→ What is required
Give the data back exactly. Leave out any images.
+++
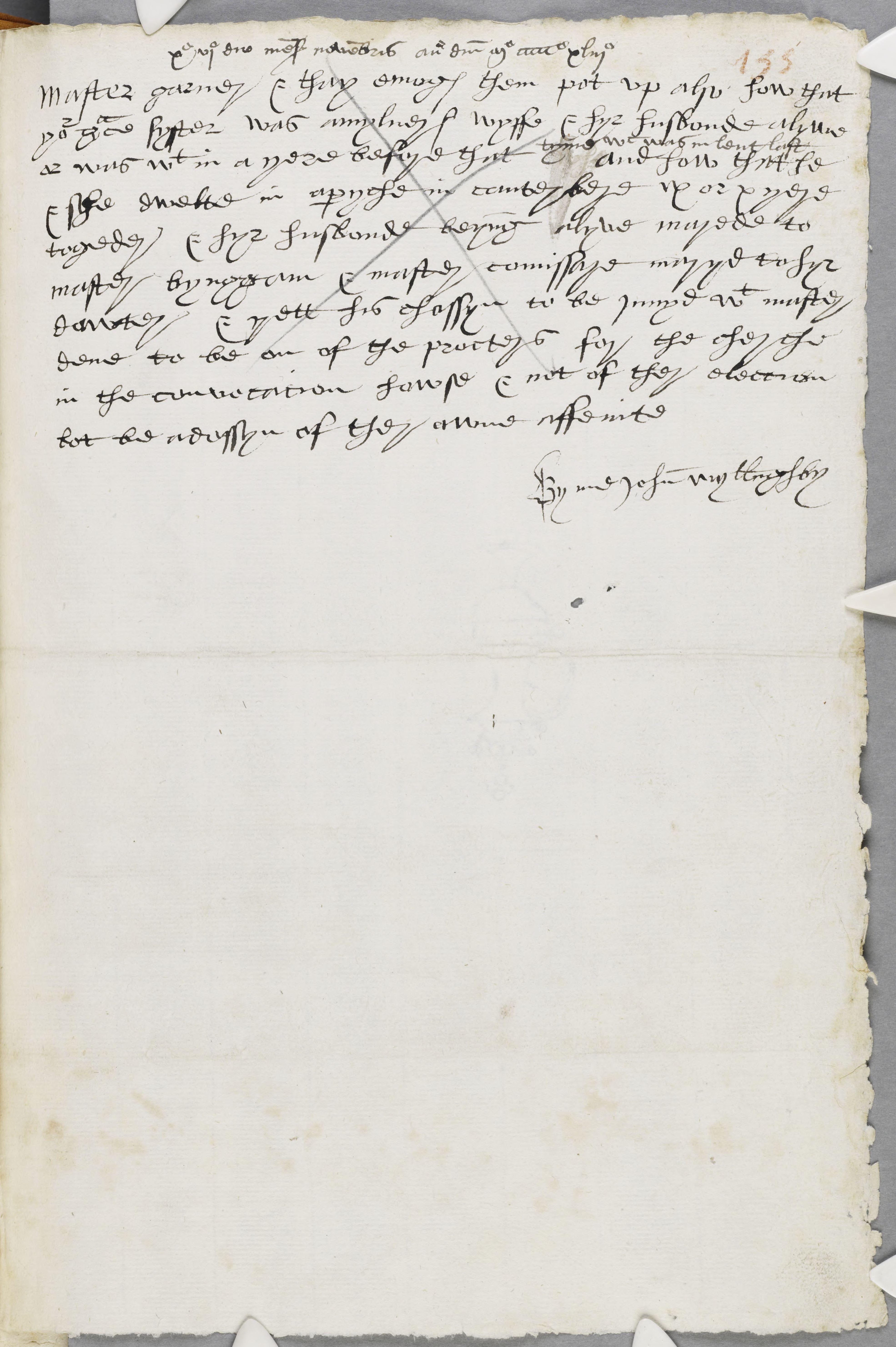 Master garner & thay emoges them pot up also how that your grace syster was amylners wyffe & hyr husbonde alywe or was within a yere before that tyme which was in lent last and how that he & she dwelte in aparyche in canterbere ix or x yere togeder & hyr husbonde beyng alyve marede to master bynggam & master comissare maryd to hyr dawter & yett his chossyn to be junyd with master dene to be on of the procters for the cherche in the convocacion howse & not of ther elecion bot be adassyn of ther awne affenite
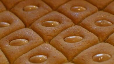 - نقوم بإضافة الحليب المكثّف والزبدة والتمر على العجينة بعد إخراجها من الفرن ونمزجهم جيداً، ونضع العريكة في طبق التقديم ونضع فوقه القشطة والعسل ونزيّنه بالمكسّرات والزبيب وقطع التمر.
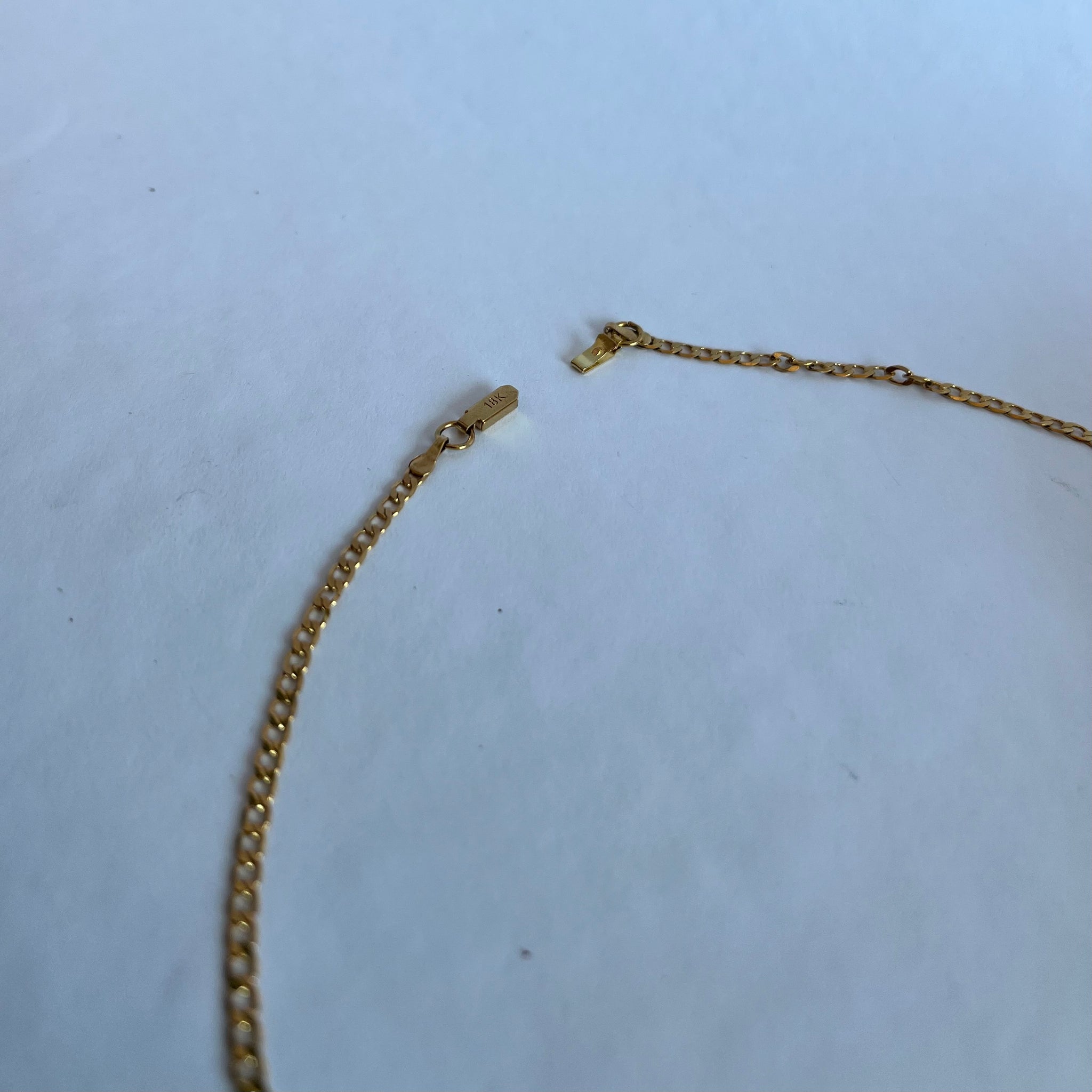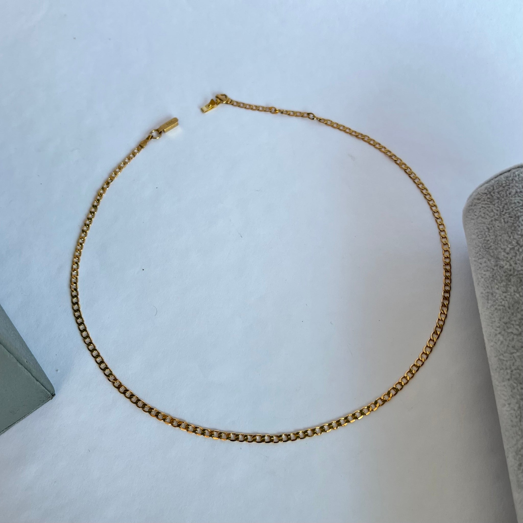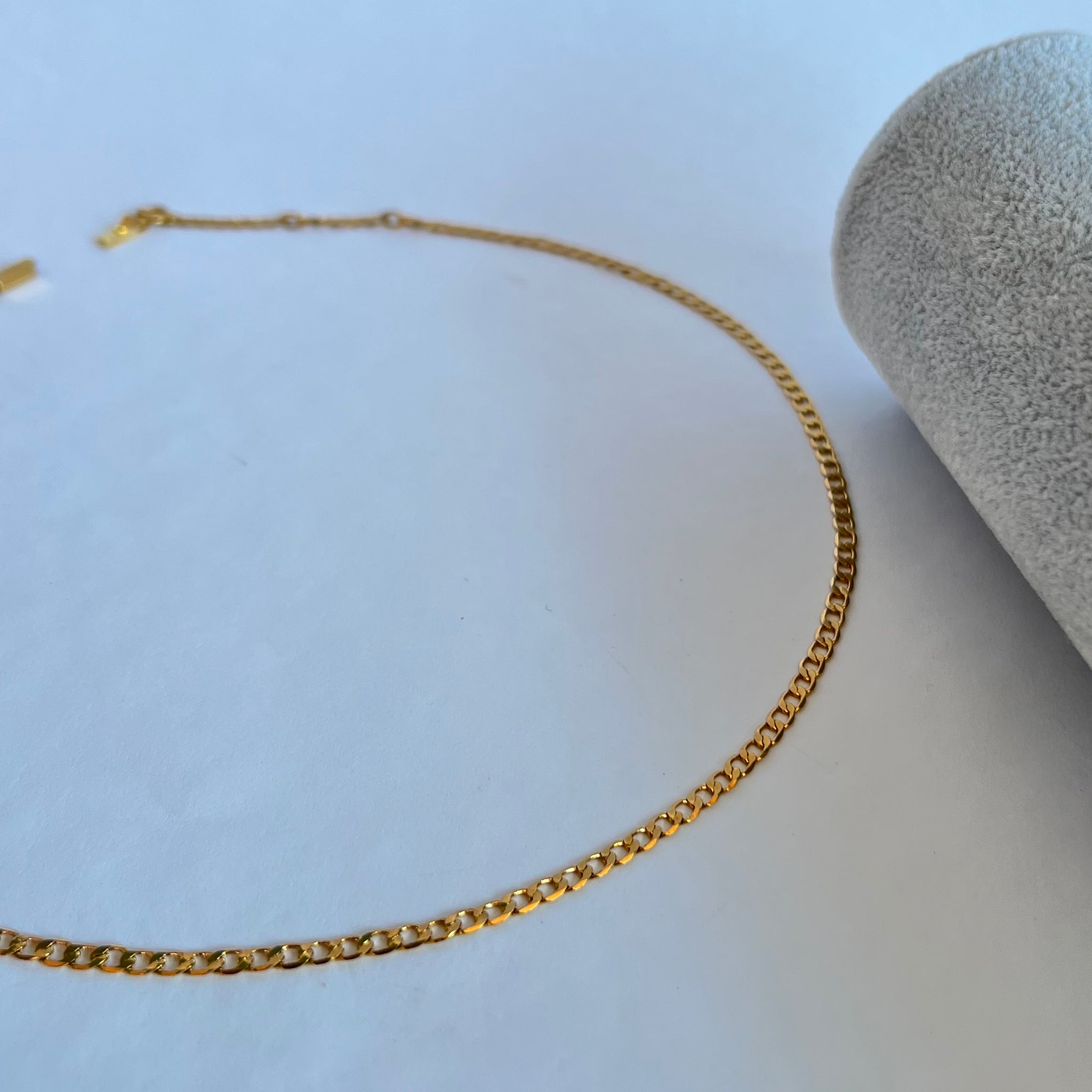 Colar em aço inoxidável. Resistente à água, hipoalergênico e não escurece nem descasca. Não é regulável.
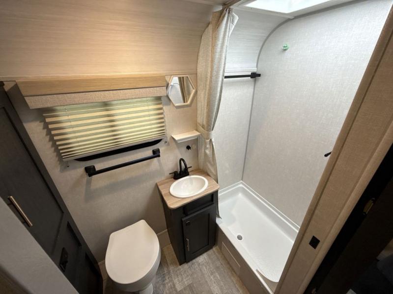 With any R Pod travel trailer by Forest River, you will find affordable luxury and lightweight towing! The Azdel sidewall construction and aluminum framing provide a durable RV made to last, and you'll love the new premium exterior graphics! There is also a tire pressure monitoring system outside, along with a friction hinge entrance door, a power tongue jack, and an exclusive aluminum wheel upgrade. Head inside to enjoy butcher block countertops, multipurpose vinyl furniture, a Showermiser water system, and new Cosmic Graphite decor. The large solar panel will provide off-gird capabilities, plus there is a 2,000W inverter and 30A charge controller for added convenience!
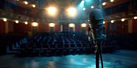 Microphone on a stand is highlighted by a spotlight against a blurred background of an auditorium - Ai Generated
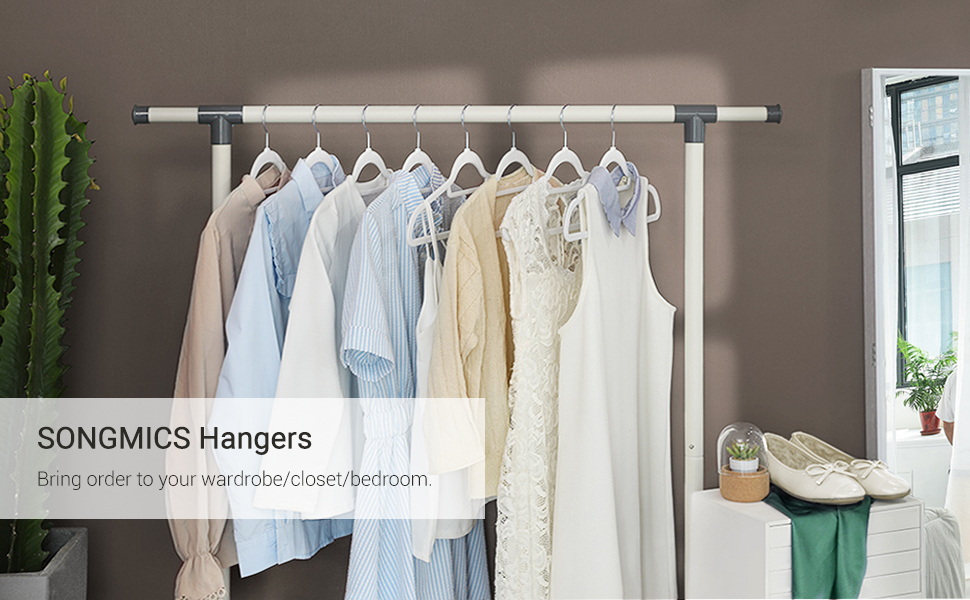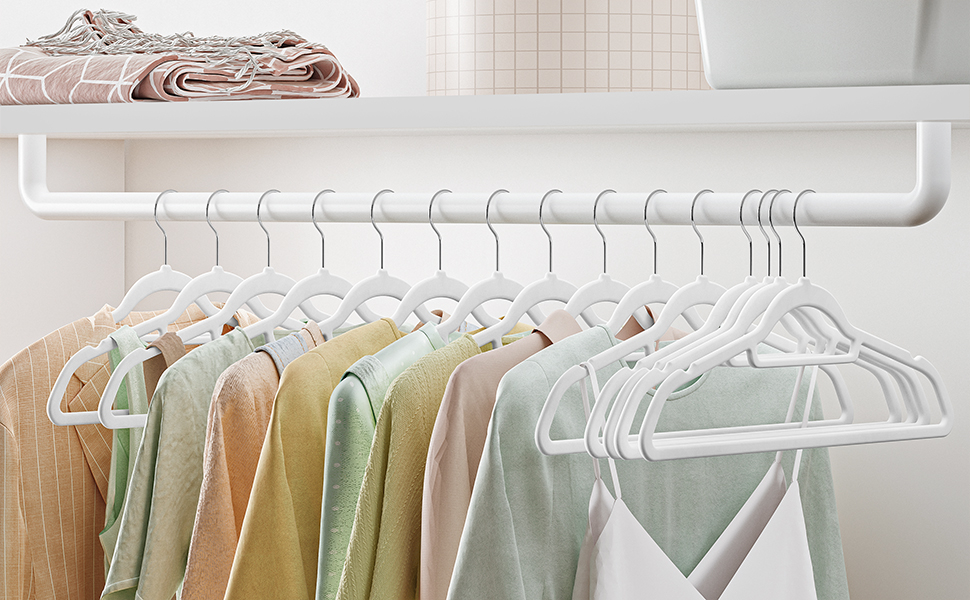 SONGMICS Set de 50 de umerase pentru haine, anti-alunecare cu catifea, bara de cravata si carlig pivotant, 43,5 cm, alb
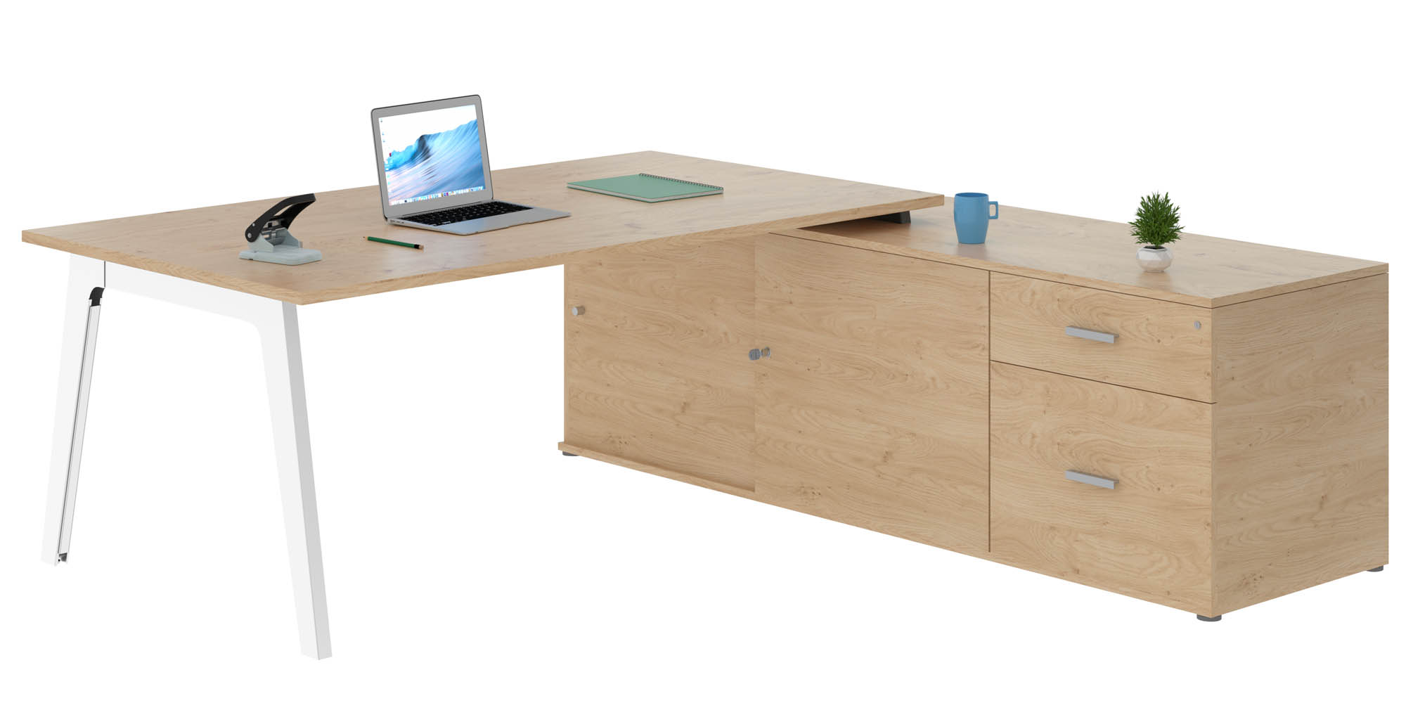 Descripción detalladaCombina modernidad y practicidad con la gama edén Arco.Composición: Tablero de de partículas melaminadas grosor 25 mm . Viga de refuerzo con pasacables sección 35 x 25 mm. Cantos ABS antigolpes grosor 3 mm. Patas metálicas autoportante inclinada con pasacables cerrados por cárter extraíble ABS.El tablero cuenta con una parte precortada para la colocación de pasacables Ø 80 mm.Extensión a la izquierda o a la derecha, con 2 compartimentos, cada uno 1 tableta extraíble. Puertas correderas con cerradura (2 llaves incluidas). Tiradores de aluminio cepillado. Cajonera integrada con 2 cajones, 1 de ellos para carpetas colgantes.Dimensiones:Dimensiones tablero: Alt 72,5 x An 180 x Fon 100 cm.Dimensiones extensión: Alt 69 x An 200 x Fon 60 cm.Accesorios opcionales: Panel de fondo (Referencia: 57274 melaminado antracita y 94871 en metacrilato blanco).Canaleta pasacables gama edén Arco (Referencia: 707872).Pasacables redondo Ø 80 mm - negro (Referencia 774579) o blanco (Referencia: 44413).Regleta empotrable con tapa corredera 1 toma de corriente + 1 puerto RJ45 + 1 puerto USB (Referencia: 711385).Completa tu diseño con el almacenamiento de las gamas edén o edén Arco.Montaje:Entregado desmontado. Montaje opcional.Normas y medio ambiente: Este producto es respetuoso con el medio ambiente, ya que está fabricado con un mínimo del 50 % de material reciclado.
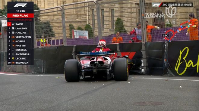 Q3起表后开始下雨,勒克莱尔打滑上墙,这次他没有延续自己在巴库的优秀表现,还引发了红旗,观众席车迷的标牌亮了。
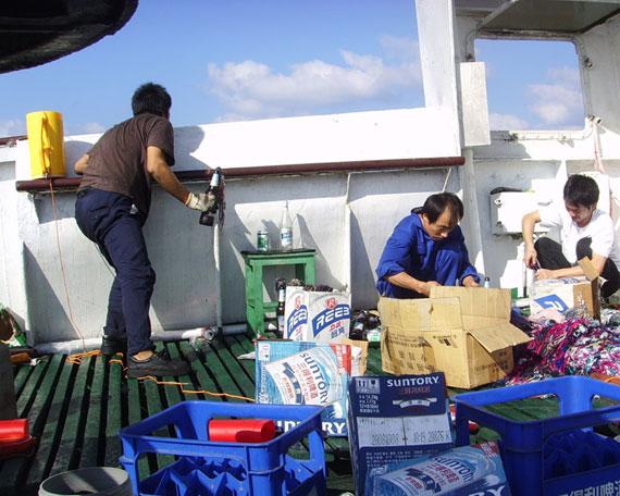 4个小时时间,振华4号上的船员,足足扔出了500多个啤酒瓶。有些啤酒都没来得及喝,直接打开把酒倒掉,然后装入汽油、油漆水,最后连辣酱瓶和酱油瓶,都拿来做燃烧瓶了。船员们后来说,回来的路上一个月时间,大家一口酒都没喝上。
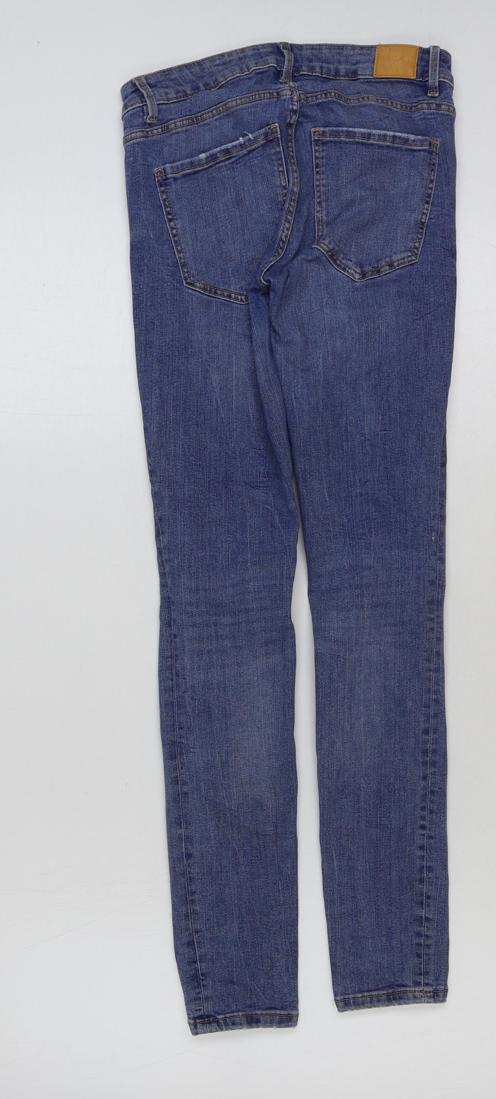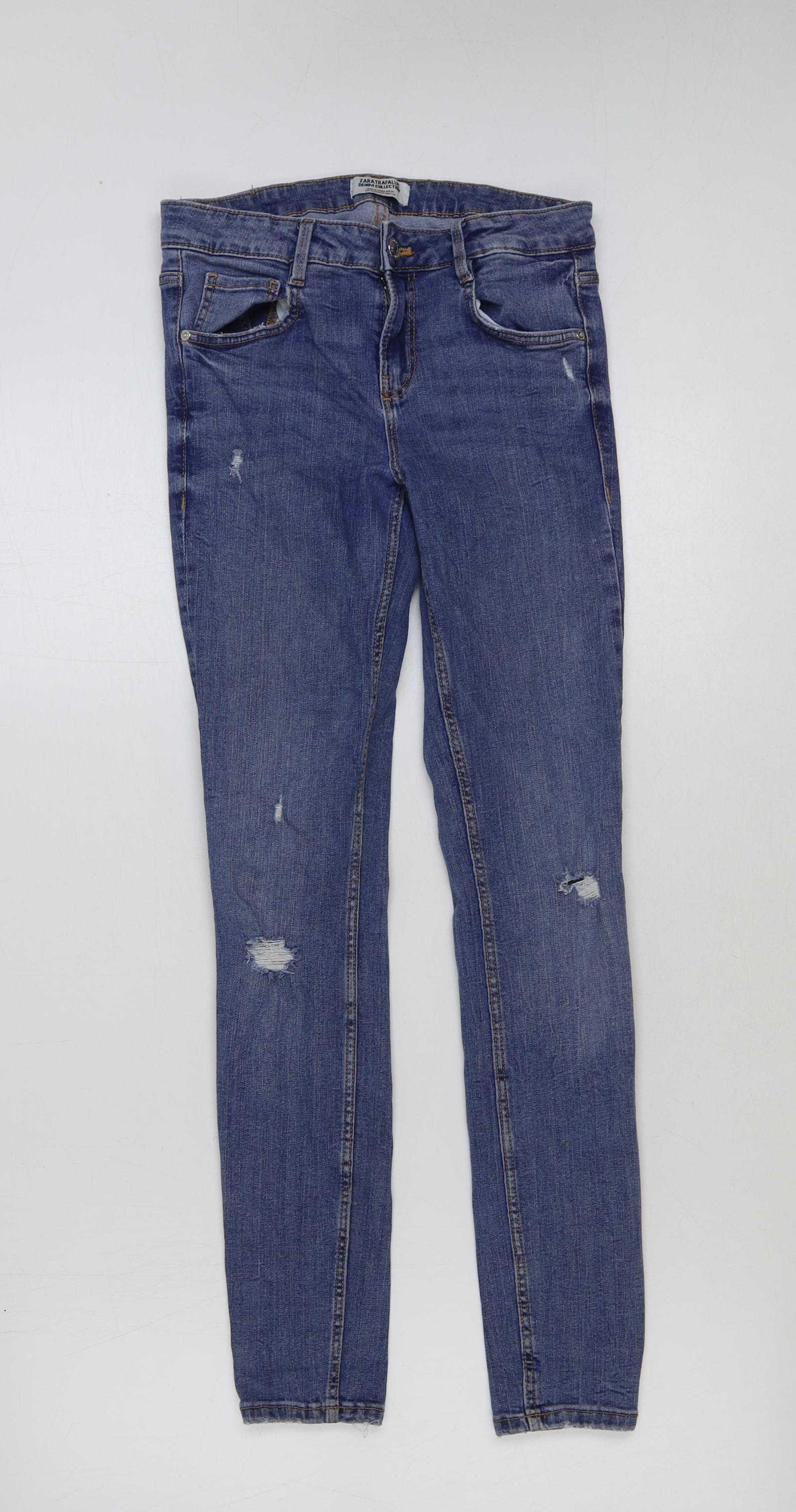 Zara Womens Blue Cotton Straight Jeans Size 8 L28 in Regular Button - Distressed
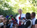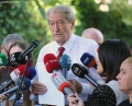 Kryetari i Partise Demokratike, Sali Berisha duke folur per gazetaret pas daljes nga ambientet e SPAK. Pas paraqitjes ne SPAK, Berisha ka sulmuar kreun i institucionit, Altin Dumanin.
+++
→ Your response
 Master garner & thay emoges them pot up also how that your grace syster was amylners wyffe & hyr husbonde alywe or was within a yere before that tyme which was in lent last and how that he & she dwelte in aparyche in canterbere ix or x yere togeder & hyr husbonde beyng alyve marede to master bynggam & master comissare maryd to hyr dawter & yett his chossyn to be junyd with master dene to be on of the procters for the cherche in the convocacion howse & not of ther elecion bot be adassyn of ther awne affenite
 - نقوم بإضافة الحليب المكثّف والزبدة والتمر على العجينة بعد إخراجها من الفرن ونمزجهم جيداً، ونضع العريكة في طبق التقديم ونضع فوقه القشطة والعسل ونزيّنه بالمكسّرات والزبيب وقطع التمر.
 Colar em aço inoxidável. Resistente à água, hipoalergênico e não escurece nem descasca. Não é regulável.
 With any R Pod travel trailer by Forest River, you will find affordable luxury and lightweight towing! The Azdel sidewall construction and aluminum framing provide a durable RV made to last, and you'll love the new premium exterior graphics! There is also a tire pressure monitoring system outside, along with a friction hinge entrance door, a power tongue jack, and an exclusive aluminum wheel upgrade. Head inside to enjoy butcher block countertops, multipurpose vinyl furniture, a Showermiser water system, and new Cosmic Graphite decor. The large solar panel will provide off-gird capabilities, plus there is a 2,000W inverter and 30A charge controller for added convenience!
 Microphone on a stand is highlighted by a spotlight against a blurred background of an auditorium - Ai Generated
 SONGMICS Set de 50 de umerase pentru haine, anti-alunecare cu catifea, bara de cravata si carlig pivotant, 43,5 cm, alb
 Descripción detalladaCombina modernidad y practicidad con la gama edén Arco.Composición: Tablero de de partículas melaminadas grosor 25 mm . Viga de refuerzo con pasacables sección 35 x 25 mm. Cantos ABS antigolpes grosor 3 mm. Patas metálicas autoportante inclinada con pasacables cerrados por cárter extraíble ABS.El tablero cuenta con una parte precortada para la colocación de pasacables Ø 80 mm.Extensión a la izquierda o a la derecha, con 2 compartimentos, cada uno 1 tableta extraíble. Puertas correderas con cerradura (2 llaves incluidas). Tiradores de aluminio cepillado. Cajonera integrada con 2 cajones, 1 de ellos para carpetas colgantes.Dimensiones:Dimensiones tablero: Alt 72,5 x An 180 x Fon 100 cm.Dimensiones extensión: Alt 69 x An 200 x Fon 60 cm.Accesorios opcionales: Panel de fondo (Referencia: 57274 melaminado antracita y 94871 en metacrilato blanco).Canaleta pasacables gama edén Arco (Referencia: 707872).Pasacables redondo Ø 80 mm - negro (Referencia 774579) o blanco (Referencia: 44413).Regleta empotrable con tapa corredera 1 toma de corriente + 1 puerto RJ45 + 1 puerto USB (Referencia: 711385).Completa tu diseño con el almacenamiento de las gamas edén o edén Arco.Montaje:Entregado desmontado. Montaje opcional.Normas y medio ambiente: Este producto es respetuoso con el medio ambiente, ya que está fabricado con un mínimo del 50 % de material reciclado.
 Q3起表后开始下雨,勒克莱尔打滑上墙,这次他没有延续自己在巴库的优秀表现,还引发了红旗,观众席车迷的标牌亮了。
 4个小时时间,振华4号上的船员,足足扔出了500多个啤酒瓶。有些啤酒都没来得及喝,直接打开把酒倒掉,然后装入汽油、油漆水,最后连辣酱瓶和酱油瓶,都拿来做燃烧瓶了。船员们后来说,回来的路上一个月时间,大家一口酒都没喝上。
 Zara Womens Blue Cotton Straight Jeans Size 8 L28 in Regular Button - Distressed
 Kryetari i Partise Demokratike, Sali Berisha duke folur per gazetaret pas daljes nga ambientet e SPAK. Pas paraqitjes ne SPAK, Berisha ka sulmuar kreun i institucionit, Altin Dumanin.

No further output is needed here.